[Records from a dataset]
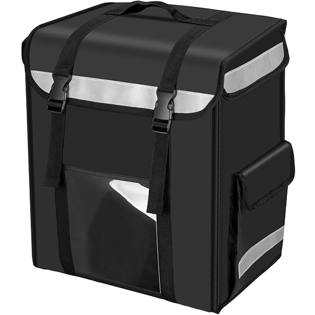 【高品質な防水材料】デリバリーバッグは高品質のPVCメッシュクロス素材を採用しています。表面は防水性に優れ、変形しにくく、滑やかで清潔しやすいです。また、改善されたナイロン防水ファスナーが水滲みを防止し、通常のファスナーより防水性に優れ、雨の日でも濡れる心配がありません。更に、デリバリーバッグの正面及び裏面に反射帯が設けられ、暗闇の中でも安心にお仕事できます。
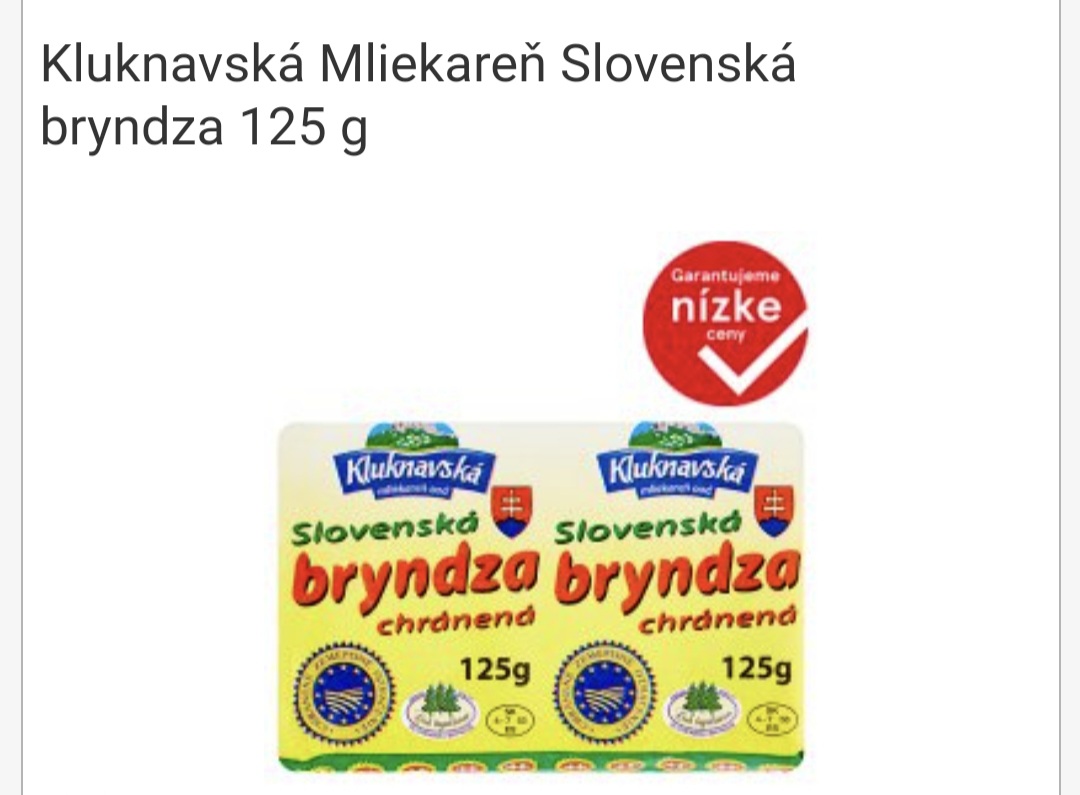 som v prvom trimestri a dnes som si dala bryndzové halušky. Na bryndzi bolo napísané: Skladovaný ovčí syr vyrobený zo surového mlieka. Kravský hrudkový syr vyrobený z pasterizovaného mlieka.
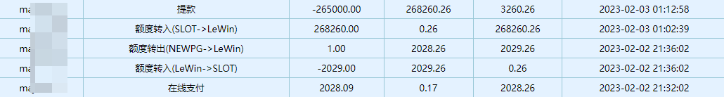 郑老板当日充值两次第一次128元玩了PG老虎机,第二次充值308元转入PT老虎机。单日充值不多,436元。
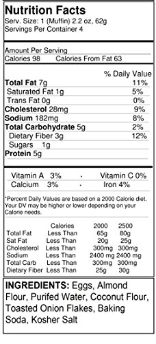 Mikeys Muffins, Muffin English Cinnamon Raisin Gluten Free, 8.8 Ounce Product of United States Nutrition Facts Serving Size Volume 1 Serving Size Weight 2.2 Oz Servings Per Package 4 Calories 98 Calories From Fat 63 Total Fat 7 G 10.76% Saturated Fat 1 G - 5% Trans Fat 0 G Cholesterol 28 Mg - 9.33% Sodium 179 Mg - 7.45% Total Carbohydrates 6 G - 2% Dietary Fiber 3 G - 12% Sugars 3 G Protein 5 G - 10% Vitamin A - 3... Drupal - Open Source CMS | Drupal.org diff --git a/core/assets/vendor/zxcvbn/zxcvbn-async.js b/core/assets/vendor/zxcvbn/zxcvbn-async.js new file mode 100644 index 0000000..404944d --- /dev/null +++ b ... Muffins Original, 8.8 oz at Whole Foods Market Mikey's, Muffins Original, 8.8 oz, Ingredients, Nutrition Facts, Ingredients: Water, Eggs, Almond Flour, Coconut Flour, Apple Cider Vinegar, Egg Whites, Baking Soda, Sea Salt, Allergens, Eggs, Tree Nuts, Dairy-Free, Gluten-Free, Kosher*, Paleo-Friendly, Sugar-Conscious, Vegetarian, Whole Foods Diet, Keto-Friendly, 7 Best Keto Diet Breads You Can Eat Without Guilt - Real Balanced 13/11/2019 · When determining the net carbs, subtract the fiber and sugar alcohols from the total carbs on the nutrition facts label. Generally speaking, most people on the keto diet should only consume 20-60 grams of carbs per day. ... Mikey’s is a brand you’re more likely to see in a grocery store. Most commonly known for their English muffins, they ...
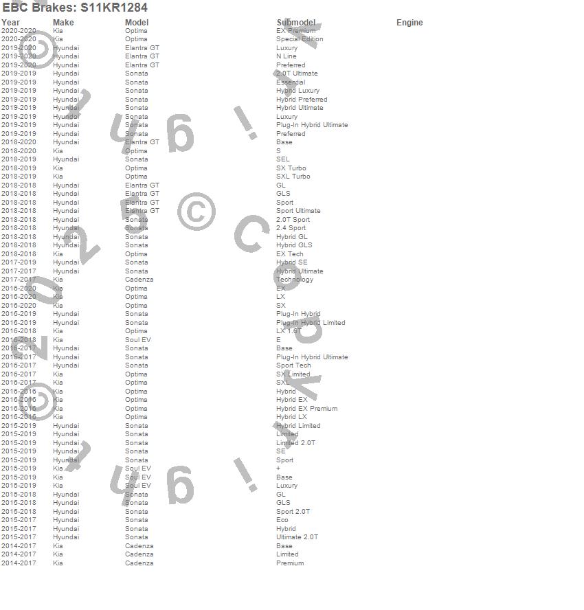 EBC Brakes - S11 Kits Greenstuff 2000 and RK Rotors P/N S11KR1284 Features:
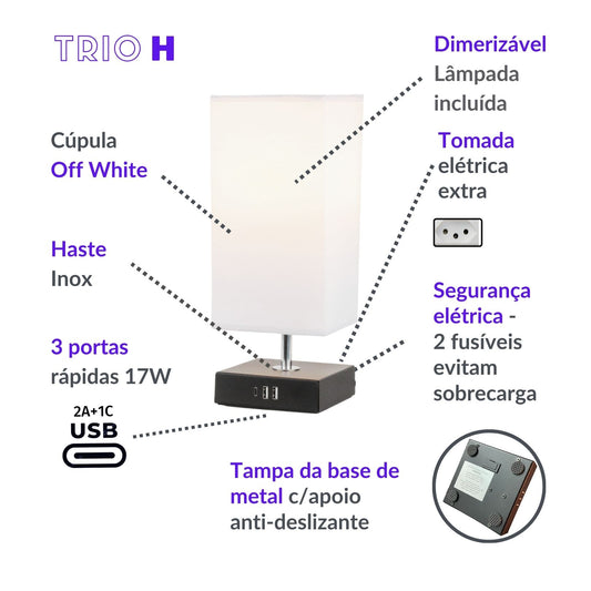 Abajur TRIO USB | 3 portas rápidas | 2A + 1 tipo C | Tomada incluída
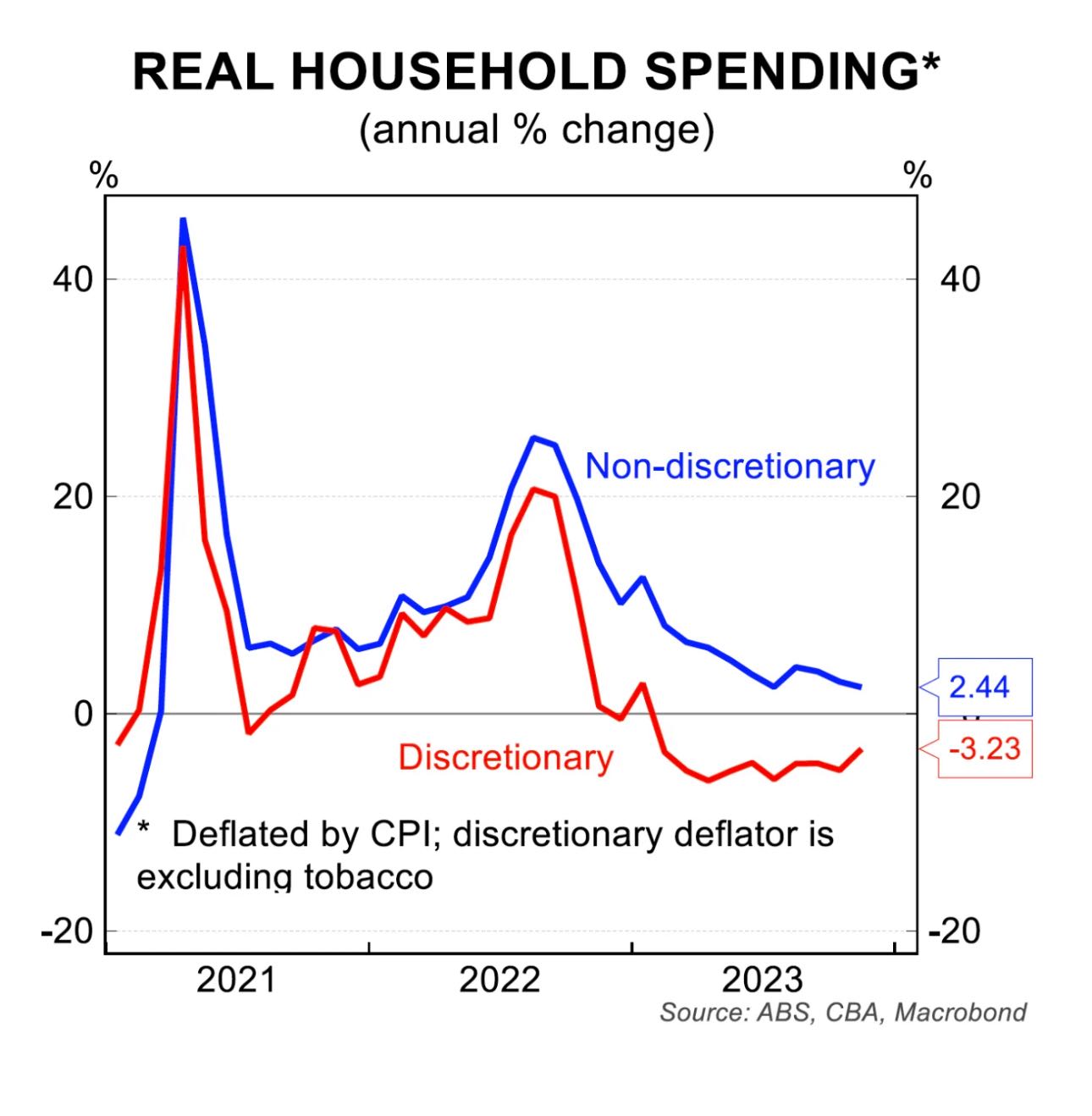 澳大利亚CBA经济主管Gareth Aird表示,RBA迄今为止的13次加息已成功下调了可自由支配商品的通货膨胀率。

* _What you will do_:
Take the line that contains "Abajur TRIO USB" as the first and the last line of the records as the end, and please quote those lines exactly, pictures omitted.

* _Response to the task_:
 Abajur TRIO USB | 3 portas rápidas | 2A + 1 tipo C | Tomada incluída
 澳大利亚CBA经济主管Gareth Aird表示,RBA迄今为止的13次加息已成功下调了可自由支配商品的通货膨胀率。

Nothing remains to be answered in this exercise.